Chereads / AMORTENTIA / Chapter 9 - A Raucous Affair

Chapter 9 - A Raucous Affair

Kayla felt a scowl forming on her surgical face. The pampered princess was furious at being treated like this. Her delicate body hurt because of lying on the floor for too long, though it has only been a few minutes at most.

"What are you gaping at? Are you waiting for an invitation to help me up?" She snapped at her three sidekicks, who were yet to respond after they went into buffering mode at the arrival of the notorious twins.

They kicked into action when the grating voice entered their ears and the meaning registered in their thick skulls.

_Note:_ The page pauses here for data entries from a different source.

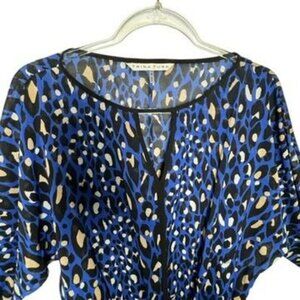 Stylish, silk, dolman blouse with a vibrant blue and black spotted pattern. Features a unique design with a keyhole neckline. Stretch at waistband.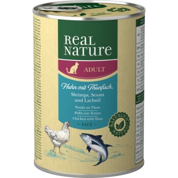 REAL NATURE Adult 6x400g Huhn mit Thunfisch Shrimps, Sesam und Lachsöl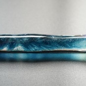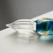 形によるものと、制作の時にガラスにかかる負荷を減らしたので、かく時に欠けにくくなったと思います。

Awkwardly, they hoisted their leader up from the floor. Kayla looked an absolute mess in her now battered dress with the mud colored stains from the spilled drink clinging to her form as she stood unstably on her broken heel. Her dirtied hair had dried chocolate milkshake in it and her previously decent looks had transformed into a wreck, making her a nightmarish eyesore.

" You," she fiercely glared at Amora, who gazed back at her with nonchalance. "Do you know how much this dress is worth? I assure you, the figure is higher than you could ever imagine!"

Amora raised an eyebrow. 'Isn't she a bit late in saying this line? God! she is slow. And whatever does she want me to do with that information?'

"So?" she asked back, "What do you want me to do? Reimburse you? Dream on. Don't tell me Daddy dearest can't even buy his darling doll another dress. "

Kayla felt her blood boiling with anger at the sarcastic comment. Her slow brain stopped working entirely as she dragged this small confrontation on, "You just wait till I tell my daddy. Then we'll see who has the last laugh!"

"Not you, with all the Botox you have injected in your face," Nora snickered.

A doughnut came flying at her, and she squatted just in time to avoid it. Standing up straight again she turned backwards to look at the direction it went in disbelief and slight remorse, "Stupid reflexes, I should have caught that in my mouth!"

That doughnut she missed went straight and slapped a boy in the face who after wiping it off shouted at the top of his lungs, "FOOD FIGHT!"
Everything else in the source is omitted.